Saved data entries
◇ ◇ ◇ ◇

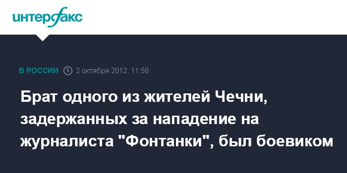 Москва. 2 октября. INTERFAX.RU - Брат одного из троих жителей Чечни, задержанных по подозрению в нападении на журналиста "Фонтанки" в Москве, ранее был убит во время спецоперации на Северном Кавказе, сообщил "Интерфаксу" источник в правоохранительных органах.
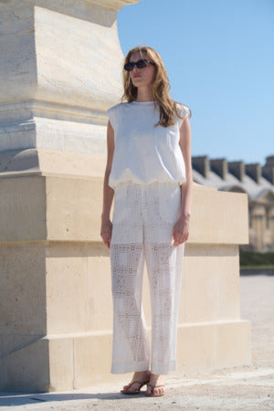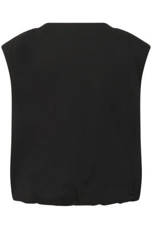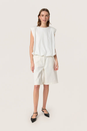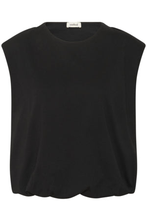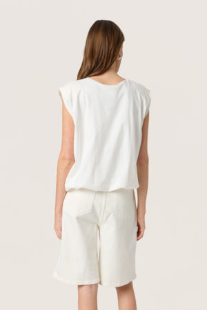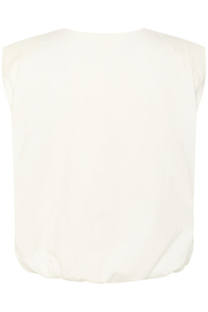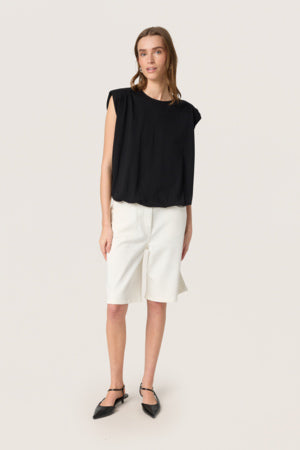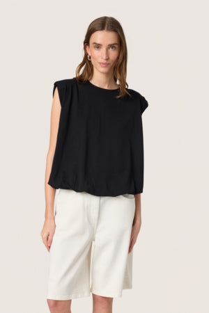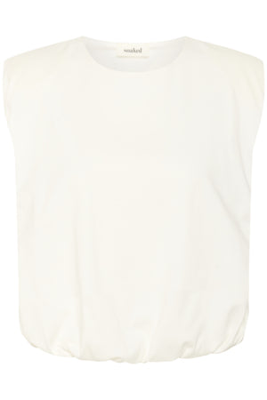 Puffig topp, axelvaddar, rund halsringning, avslappnad passform.
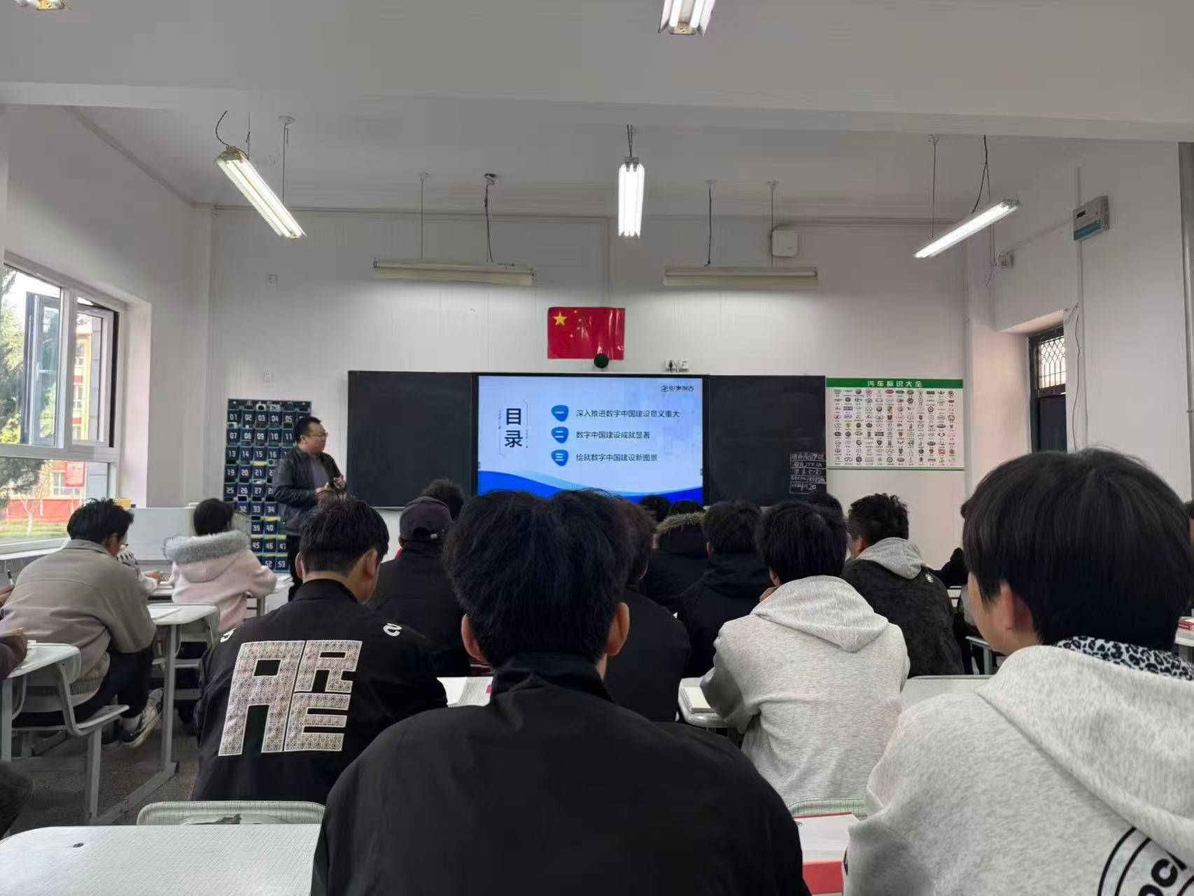在新能源2533班的形势与政策课堂上,张鸿飞以“乘‘数’而上 智启未来”为主题,为同学们带来了一堂兼具理论深度、时代温度与专业契合度的思政课。他以数字中国建设的战略意义为切入点,将理论知识与现实案例紧密结合,授课内容深入浅出、通俗易懂,极具针对性与感染力。
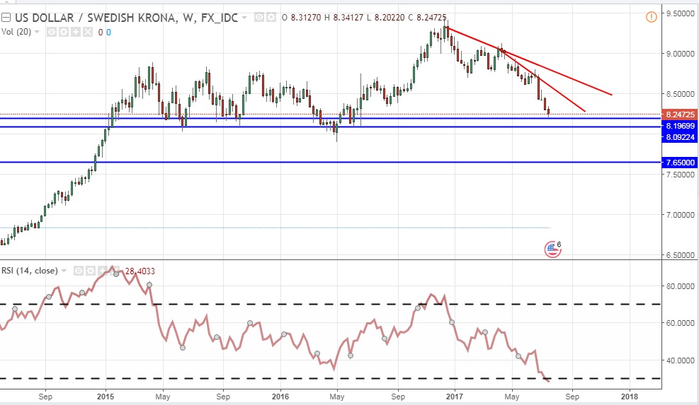 Swedish Krona has already strengthened from its bottom in December around 9.43 per dollar to 8.25 per dollar as of today and we at FxWirePro believe that further downside is very much likely and we expect the Krona to strengthen towards 7.65 per dollar.
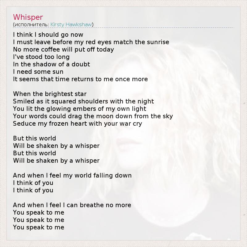 Думаю, я должна сейчас уйти, Я должна уйти прежде, чем мои красные глаза станут одного цвета с восходом. Больше никакого кофе, не буду откладывать сегодняшний день, Я стояла на месте слишком долго. В тени сомнений – Мне нужно немного солнца. Кажется, что это время снова ко мне вернулось... Когда ярчайшая звезда Улыбнулась, отодвинув ночь, Ты разжёг тлеющие угольки моего собственного света. Твои слова могут стащить луну с неба, Обольстить моё замерзшее сердце с воинственным кличем, Но этот мир Покачнётся от шёпота, Но этот мир Покачнется от шёпота. И когда я чувствую, что мой мир падает, Я думаю о тебе, Я думаю о тебе. И когда я чувствую, что не могу больше дышать, Ты говоришь со мной, Ты говоришь со мной, Ты говоришь со мной.
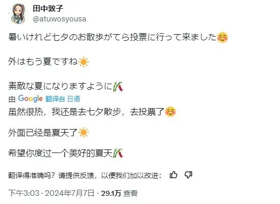 下午6點,田中敦子的兒子田中光在X上發表了悼念文章。根據文章,田中敦子已患病一年有餘,最終因病情無法控制離世,但具體病因出於田中敦子本人的意願,不會對外公佈。
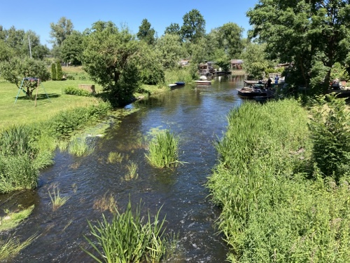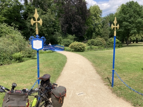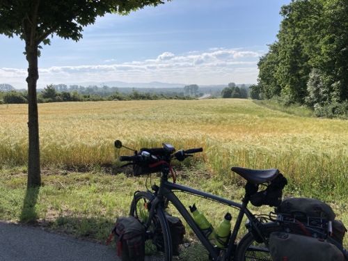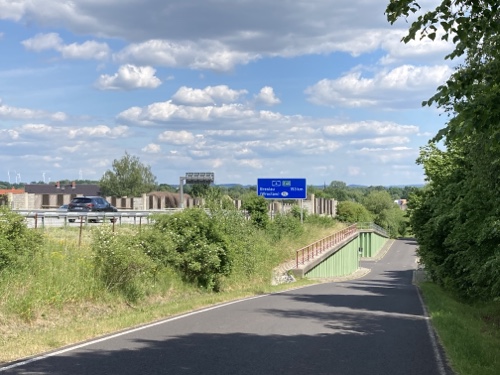 Hier könnte ich alle drei Minuten ein Foto machen. Das Wetter ist wunderbar. Ich gebe zu, die dunklen Wolken und der Regen am Donnerstag gepaart mit dem Reisefieber hat doch sehr auf meine Stimmung geschlagen. Sie beginnt sich langsam zu lösen und ich mich zu freuen. Schon gleich am Bahnhof sprach mich eine Frau an, wo es hingehe und ob ich vom ADFC sei, wegen des Aufklebers. Eine zweite wollte schnell ein Foto für mich machen, obwohl schon ihr Zug einfuhr.
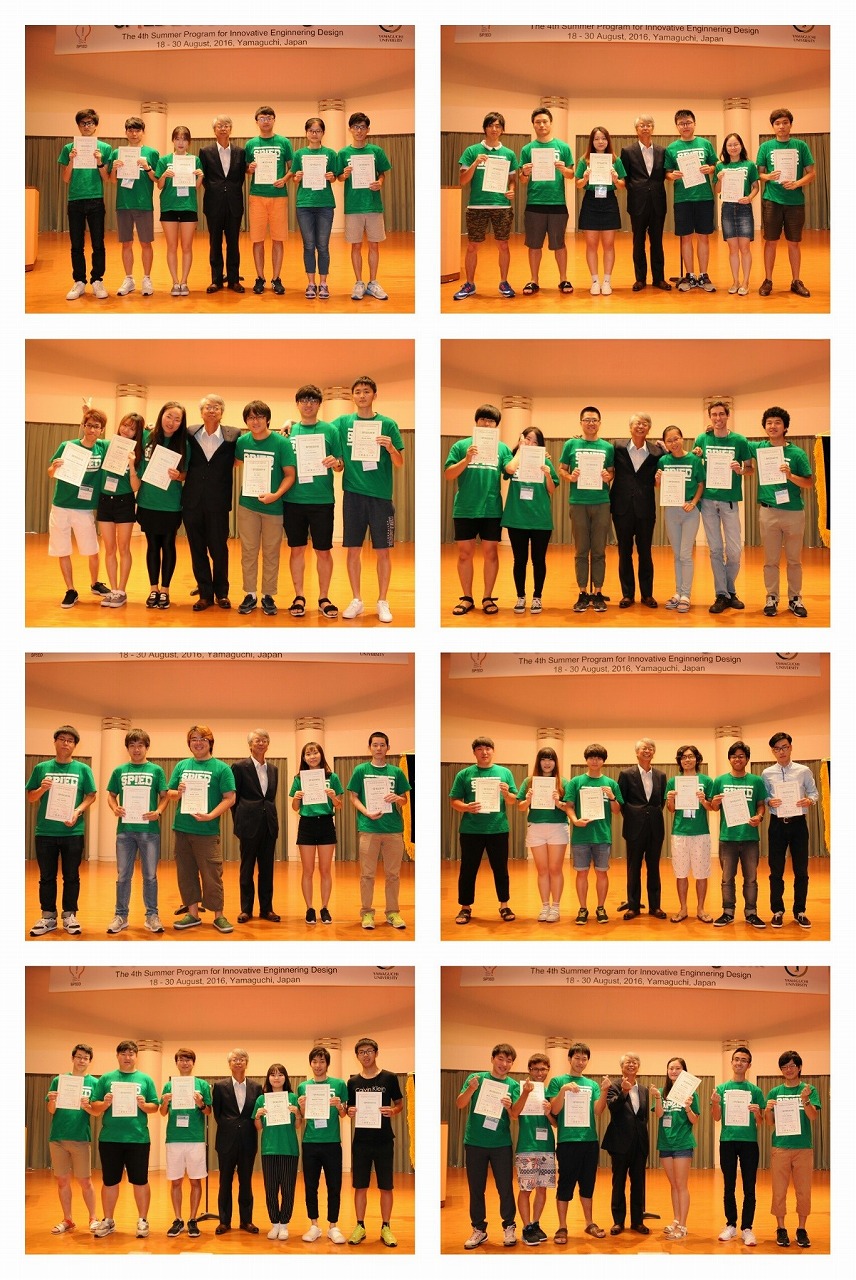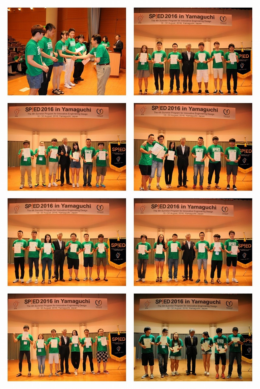 創造設計工学に関する夏期講習を国際的に実施するSPIED2016 in 山口大学が2016年8月18日-30日の日程で日中韓台湾の10を超える大学の学生100名および教員22名が参加し,盛大に開催されました.
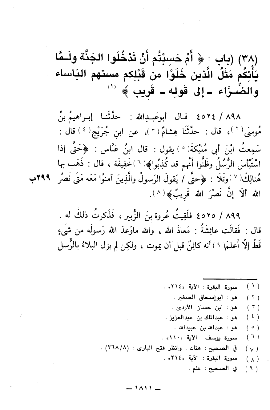 898/ 4524 - قال أبو عبدالله: حَدَّثَنَا إِبْرَاهِيمُ بْنُ مُوسَى قال: حدثَنَا هِشَامٌ عَنِ ابْنِ جُرَيْجٍ قَالَ: سَمِعْتُ ابْنَ أَبِي مُلَيْكَةَ يَقُولُ: قَالَ ابْنُ عَبَّاسٍ - رضى الله عنهما -: (حَتَّى إِذَا اسْتَيْأَسَ الرُّسُلُ وَظَنُّوا أَنَّهُمْ قَدْ كُذِبُوا) خَفِيفَةً، قال: ذَهَبَ بِهَا هُنَالكَ، وَتَلاَ: (حَتَّى / يَقُولَ الرَّسُولُ وَالَّذِين آمَنُوا مَعَهُ مَتَى نَصْرُ اللَّهِ أَلاَ إِنَّ نَصْرَ اللَّهِ قَرِيبٌ).
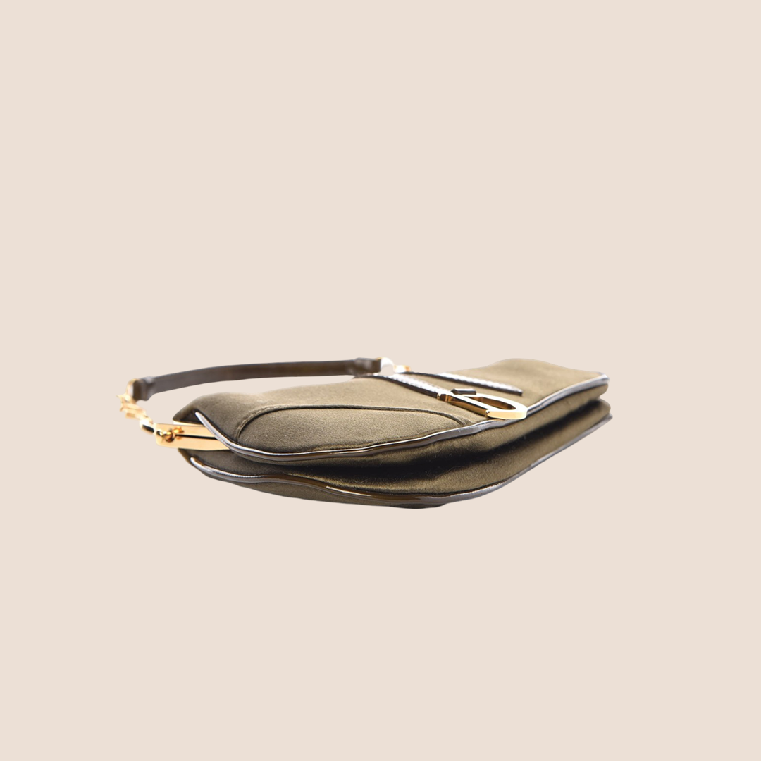 CHRISTIAN DIOR KHAKI & GOLD SATIN MICRO SADDLE BAG
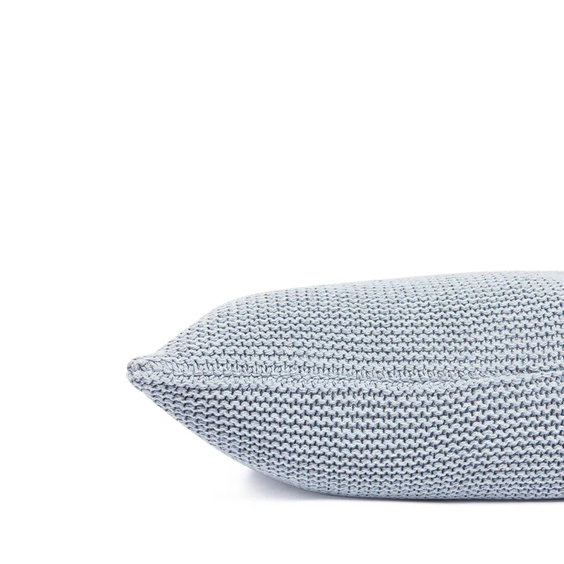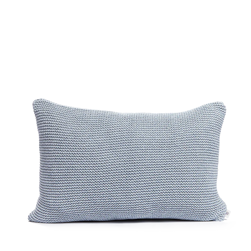 Super soft, knitted cushion made of recycled denim yarn in soft blue. Everyone has their own favourite jeans. What happens when they are worn out? We give denim a second life by removing zips and buttons and spinning the fibres to a soft yarn that we use for our throws. An ecological product, a good alternative for cotton and a great way to dress your home.
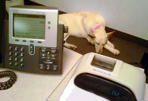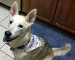 ![]() Little Kelly, found wandering in the White Tank Mountains in early 2012, shows off her new bandana after being groomed at PetsMart |
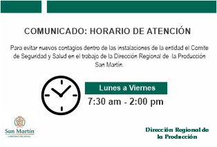 - Se varíe el horario de trabajo presencial de los colaboradores de la Dirección Regional de la Producción, de lunes a viernes 7:30 am a 2:00 p.m., por el tiempo que sea conveniente para evitar nuevos contagios dentro de las instalaciones.
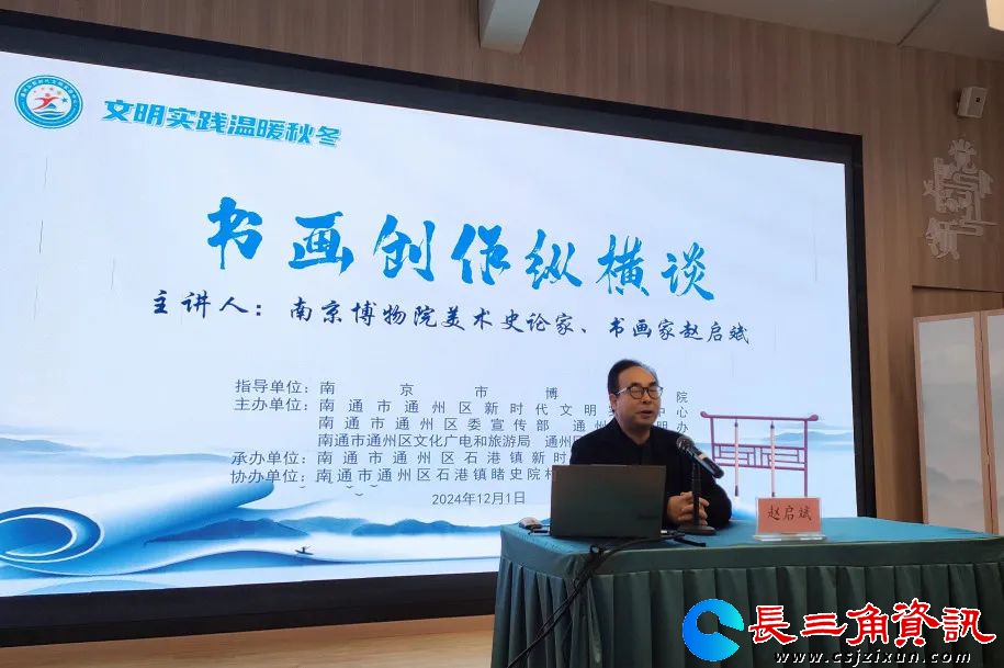 12月1日,南京博物院著名美术史论家、书画家赵启斌在风景秀丽的渔湾水乡风景区开展了一场书画讲座。

◇ ◇ ◇ ◇

• Assignment: When you reach the line with "Puffig topp, axelvaddar, rund" in the records above, start writing out each line exactly, and stop after the line with "下午6點,田中敦子的兒子田中". Pictures stay out.

• Answer box:
 Puffig topp, axelvaddar, rund halsringning, avslappnad passform.
在新能源2533班的形势与政策课堂上,张鸿飞以“乘‘数’而上 智启未来”为主题,为同学们带来了一堂兼具理论深度、时代温度与专业契合度的思政课。他以数字中国建设的战略意义为切入点,将理论知识与现实案例紧密结合,授课内容深入浅出、通俗易懂,极具针对性与感染力。
 Swedish Krona has already strengthened from its bottom in December around 9.43 per dollar to 8.25 per dollar as of today and we at FxWirePro believe that further downside is very much likely and we expect the Krona to strengthen towards 7.65 per dollar.
 Думаю, я должна сейчас уйти, Я должна уйти прежде, чем мои красные глаза станут одного цвета с восходом. Больше никакого кофе, не буду откладывать сегодняшний день, Я стояла на месте слишком долго. В тени сомнений – Мне нужно немного солнца. Кажется, что это время снова ко мне вернулось... Когда ярчайшая звезда Улыбнулась, отодвинув ночь, Ты разжёг тлеющие угольки моего собственного света. Твои слова могут стащить луну с неба, Обольстить моё замерзшее сердце с воинственным кличем, Но этот мир Покачнётся от шёпота, Но этот мир Покачнется от шёпота. И когда я чувствую, что мой мир падает, Я думаю о тебе, Я думаю о тебе. И когда я чувствую, что не могу больше дышать, Ты говоришь со мной, Ты говоришь со мной, Ты говоришь со мной.
 下午6點,田中敦子的兒子田中光在X上發表了悼念文章。根據文章,田中敦子已患病一年有餘,最終因病情無法控制離世,但具體病因出於田中敦子本人的意願,不會對外公佈。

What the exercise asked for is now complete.